*Work to complete*. Exclude the pictures, then restate exactly each line of the data below from the first through the line containing "A human hand, displaying".

BEGIN Dataset records

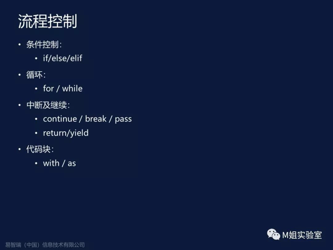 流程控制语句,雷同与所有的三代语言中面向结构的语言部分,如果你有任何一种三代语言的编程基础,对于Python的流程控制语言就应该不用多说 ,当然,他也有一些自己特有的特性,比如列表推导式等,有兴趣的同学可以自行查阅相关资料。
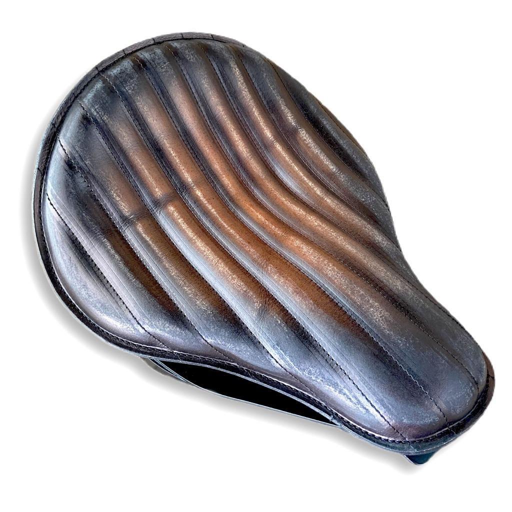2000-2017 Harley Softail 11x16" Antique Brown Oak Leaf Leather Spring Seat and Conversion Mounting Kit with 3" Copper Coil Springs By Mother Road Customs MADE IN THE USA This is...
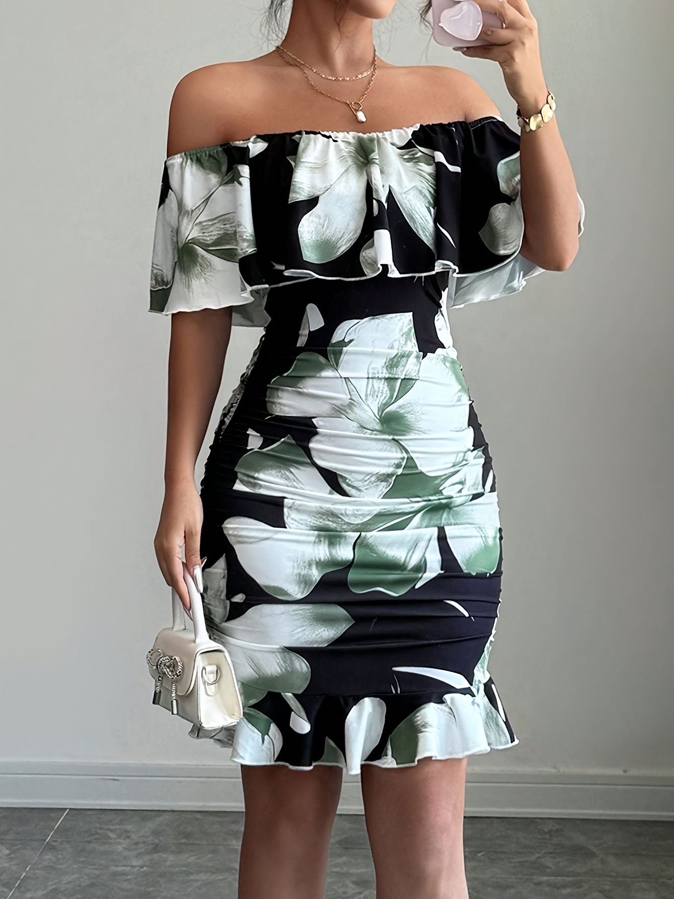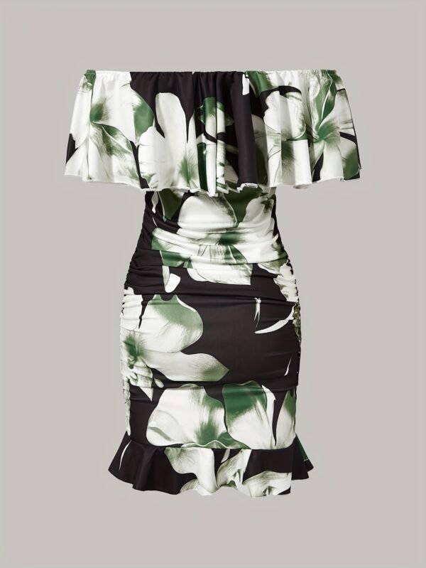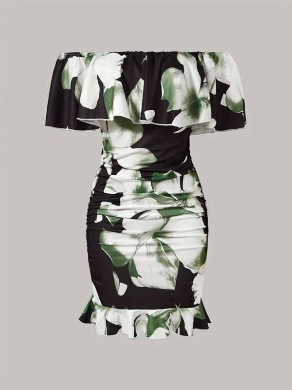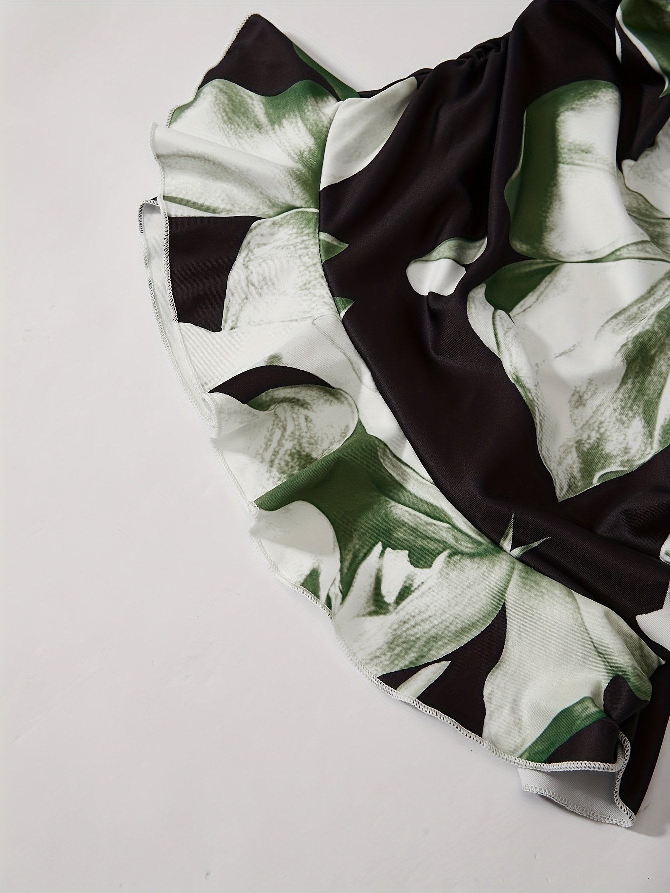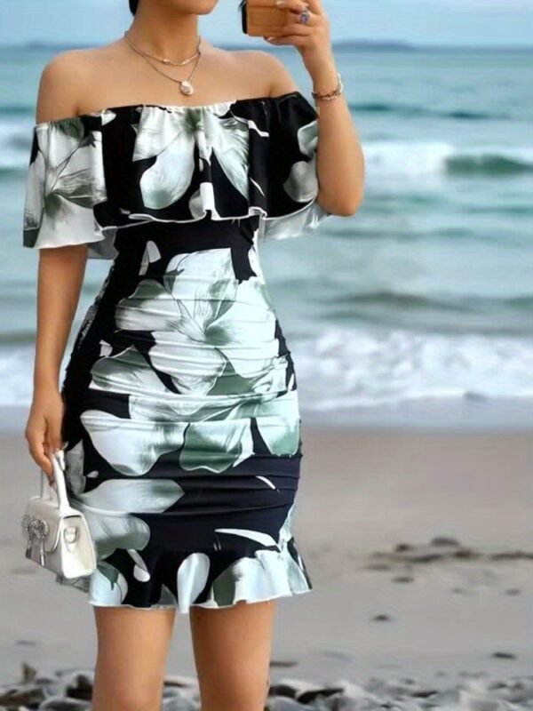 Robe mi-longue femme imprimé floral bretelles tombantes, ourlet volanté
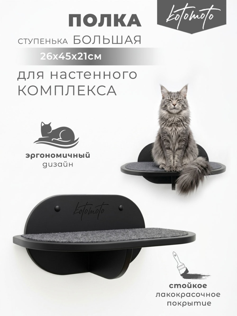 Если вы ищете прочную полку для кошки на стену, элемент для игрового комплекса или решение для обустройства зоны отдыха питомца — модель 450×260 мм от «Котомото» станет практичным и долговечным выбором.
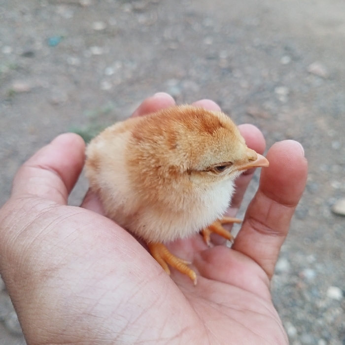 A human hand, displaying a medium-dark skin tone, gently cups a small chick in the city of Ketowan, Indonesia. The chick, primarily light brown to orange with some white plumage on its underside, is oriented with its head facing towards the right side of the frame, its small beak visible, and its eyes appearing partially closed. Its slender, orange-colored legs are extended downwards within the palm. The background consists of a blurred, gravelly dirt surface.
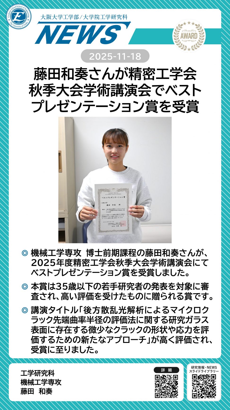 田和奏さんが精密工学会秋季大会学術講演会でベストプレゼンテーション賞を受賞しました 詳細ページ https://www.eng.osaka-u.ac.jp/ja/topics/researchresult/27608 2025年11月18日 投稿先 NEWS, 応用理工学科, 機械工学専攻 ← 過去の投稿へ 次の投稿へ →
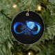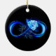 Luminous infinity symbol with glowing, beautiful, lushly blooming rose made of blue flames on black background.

END Dataset records

*Written answer*.
 流程控制语句,雷同与所有的三代语言中面向结构的语言部分,如果你有任何一种三代语言的编程基础,对于Python的流程控制语言就应该不用多说 ,当然,他也有一些自己特有的特性,比如列表推导式等,有兴趣的同学可以自行查阅相关资料。
2000-2017 Harley Softail 11x16" Antique Brown Oak Leaf Leather Spring Seat and Conversion Mounting Kit with 3" Copper Coil Springs By Mother Road Customs MADE IN THE USA This is...
 Robe mi-longue femme imprimé floral bretelles tombantes, ourlet volanté
 Если вы ищете прочную полку для кошки на стену, элемент для игрового комплекса или решение для обустройства зоны отдыха питомца — модель 450×260 мм от «Котомото» станет практичным и долговечным выбором.
 A human hand, displaying a medium-dark skin tone, gently cups a small chick in the city of Ketowan, Indonesia. The chick, primarily light brown to orange with some white plumage on its underside, is oriented with its head facing towards the right side of the frame, its small beak visible, and its eyes appearing partially closed. Its slender, orange-colored legs are extended downwards within the palm. The background consists of a blurred, gravelly dirt surface.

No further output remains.